You might think about separating anything potentially salvageable. Along with lumber, there is money in vintage light fixtures, sinks, solid wood doors, etc. Even if you don't want to take the effort to sell them, you could donate them to keep them out of the landfill.


----------



## drtbk4ever (Dec 29, 2008)

Further to Blondesense's comment, you could post "FREE" ads on kijiji or craigslist and a lot of that stuff will be picked up.


----------



## rick32 (Aug 9, 2006)

Hey! those beans still look good!:laughing:
Theres a market for hand hewn beams if you know where to look.

Rick


----------



## mikegp (Jul 17, 2011)

Dig hole. Push house in. Done. :whistling2:


----------



## bigcaddy (Jun 12, 2009)

Well, I've been busy.. I have just about all the aluminum stripped from the house. I got three quotes on removal of the house. I'm supplying the dumpsters

1st place that we called: $8,400.oo
2nd place we called: $4,800.oo
3rd place we called: $1,800.00 Winner winner chicken dinner

all these guys came out and looked at the place first.

The thrid guy was fast and called me the same day with a quote. He has insurance and is willing to do everything. If things work out well, I may use him to excavate our home.

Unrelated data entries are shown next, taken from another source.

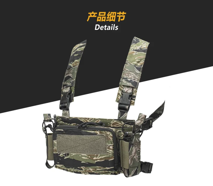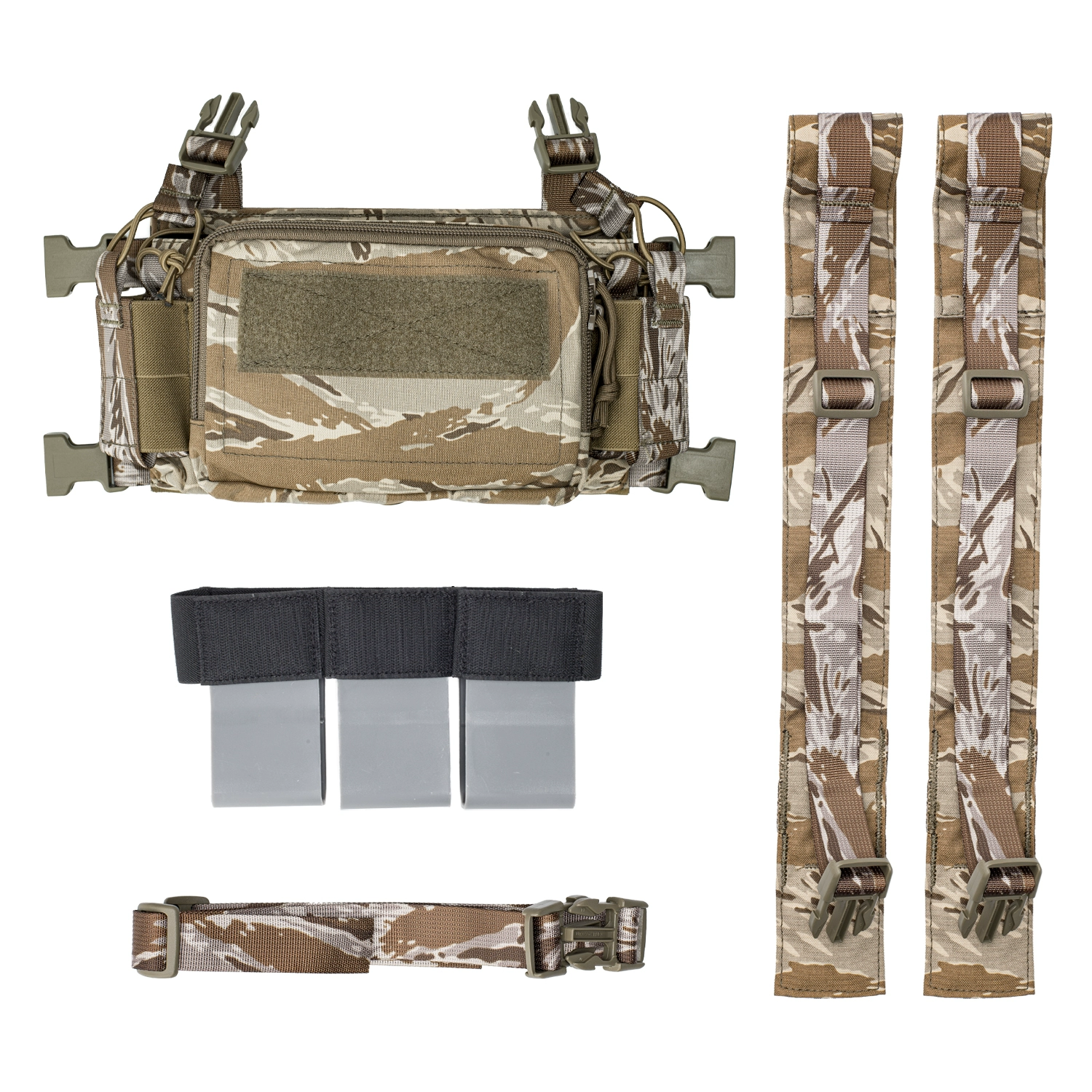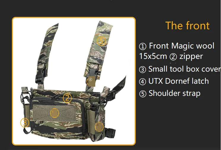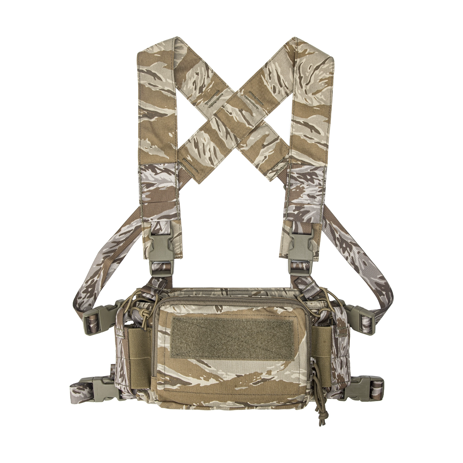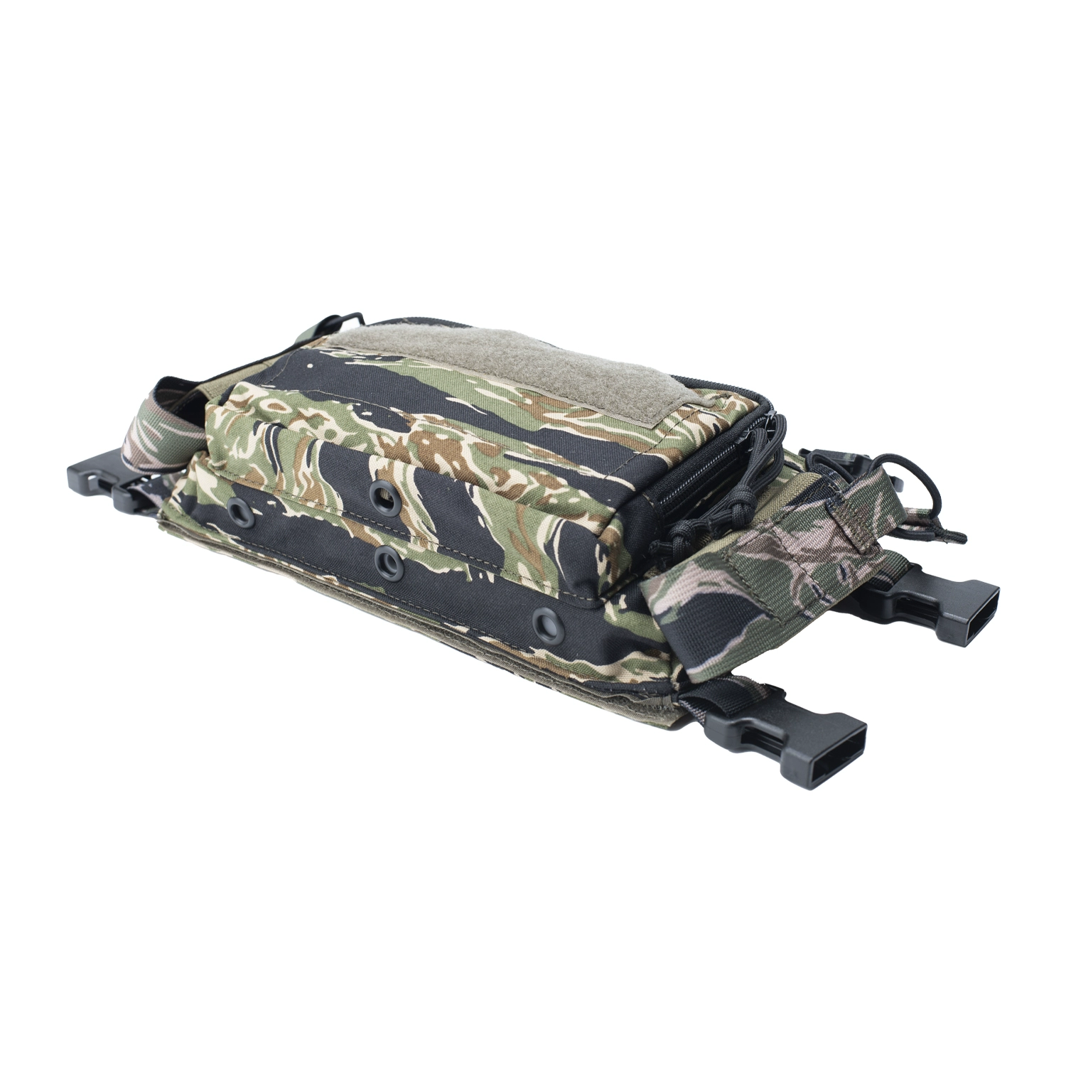 Colgador de pecho D3CRM; El compartimento principal ofrece un compartimento extraíble de 3 pares 5,56 incorporado con un compartimento de herramientas de 2 pares en cada lado para facilitar el transporte de cargadores de 9mm, linternas o herramientas portátiles. El contenedor con cremallera frontal se puede utilizar para almacenar identificadores visuales o artículos personales.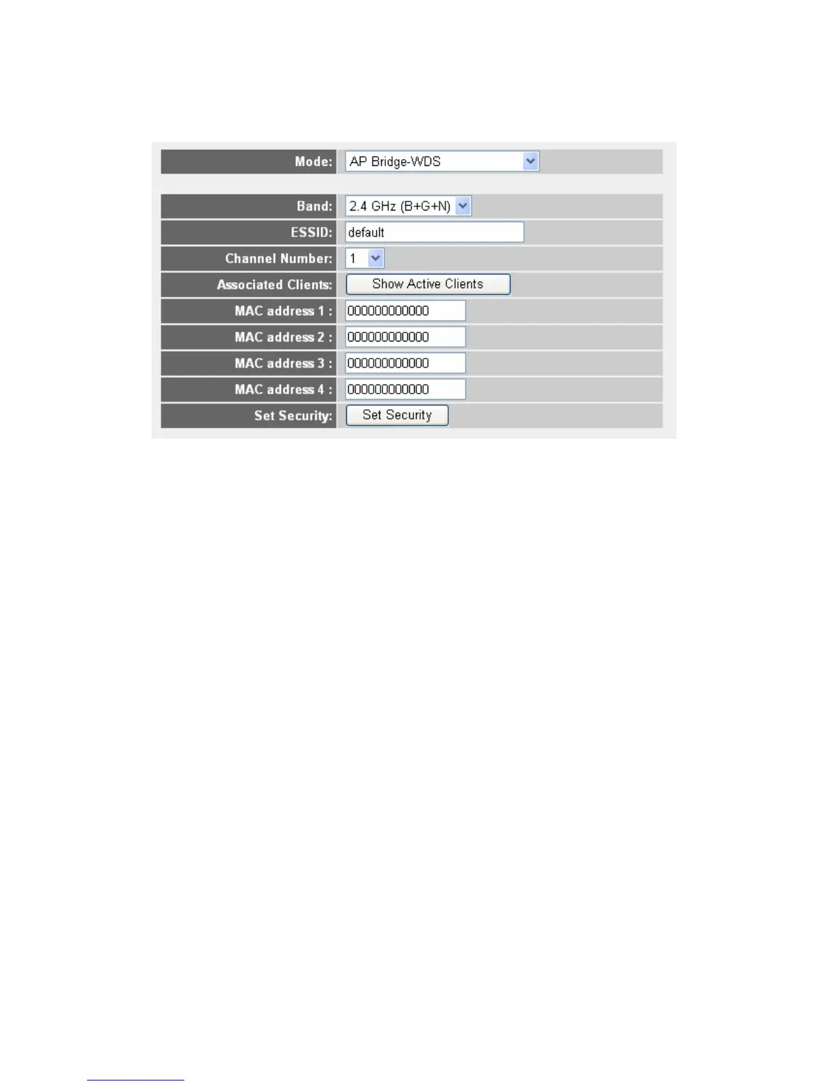 MAC address 1 to 4: Input the MAC address of other wireless routers.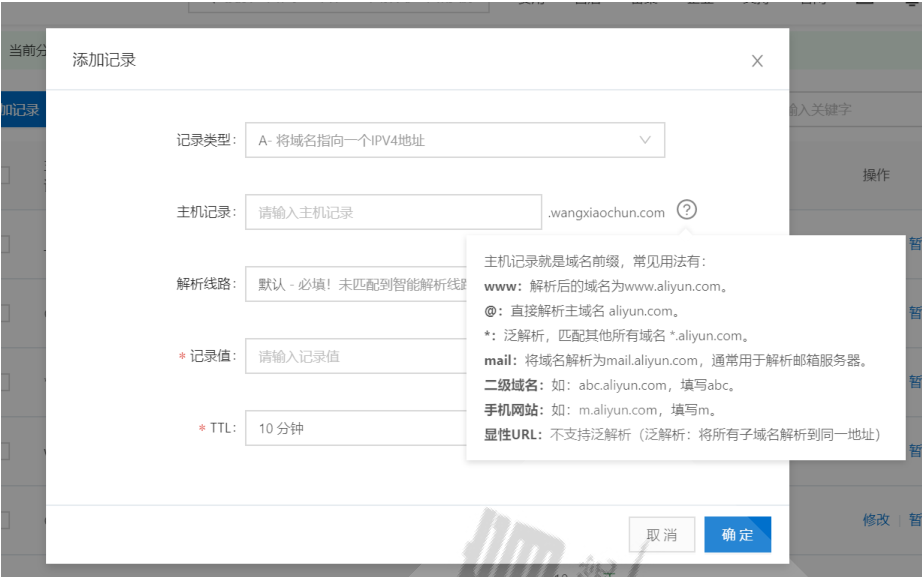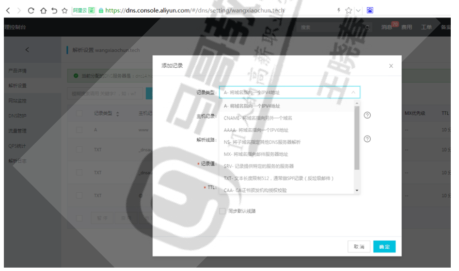 记录类型:A, AAAA, PTR, SOA, NS, CNAME, MX

His plan is to bring in the "Thumb" and break apart the house and pack it into the dumpsters, set the large logs aside, Clear out the basement, Put all the concrete slabs into the basement cavity and cave in the block. He said he can bring in fill if I need it to put on top of that.


He said he could get it done next week but I will be on vacation. I told him I want to watch and get pics for my forums.

here are pics so far.


----------



## bigcaddy (Jun 12, 2009)

One dumpster showed up on Friday. We decided to just roll the bagsters into the dumpster. They were free so wtf. I also spent the day over there yesterday removing the rest of the siding. I got it all loaded up to take to the recycler tomorrow.
The giant track loader is showing up today along with another dumpster. It should make quick work of that old house. I really want to get some videos.
Chimney fall video: http://www.youtube.com/watch?v=up1cT6AHKi8&feature=youtu.be


----------



## Subliminal (May 31, 2012)

Troegs hop back ftw!


----------



## bigcaddy (Jun 12, 2009)

Track Hoe is showing up today. 

Dumpster #2 showed up yesterday.

House meets ground level today.


I am gonna try to leave work early to get pics.


----------



## gregzoll (Dec 25, 2006)

Now that I think about it, why not keep the rough hewn logs, for a playhouse for the kids, or use them in the new house some way or another. If they are in good condition, you might be able to get them cut into planks for flooring.


----------



## bigcaddy (Jun 12, 2009)

I fiddled around with the one log and it was pretty dried out and crumbly. I'll check them out a bit more once they are down.


----------



## gregzoll (Dec 25, 2006)

They might all be the same, if one turned to saw dust.


----------



## operagost (Jan 8, 2010)

It's clear the part of the structure that has the chimney is mostly from 1840 (although the chimney itself isn't). A fire may have gutted it, but clearly they rebuilt off of mostly intact walls and added a poorly constructed addition.


----------



## bigcaddy (Jun 12, 2009)

One of the chimneys was for a oil furnace that was in the basement. the other chimney right next to it was for a pot belly stove or some sort that was on the first floor of the structure. there was absolutely no venting with in the entire house for the oil burner. I think they just let the hot air come up the stairs. 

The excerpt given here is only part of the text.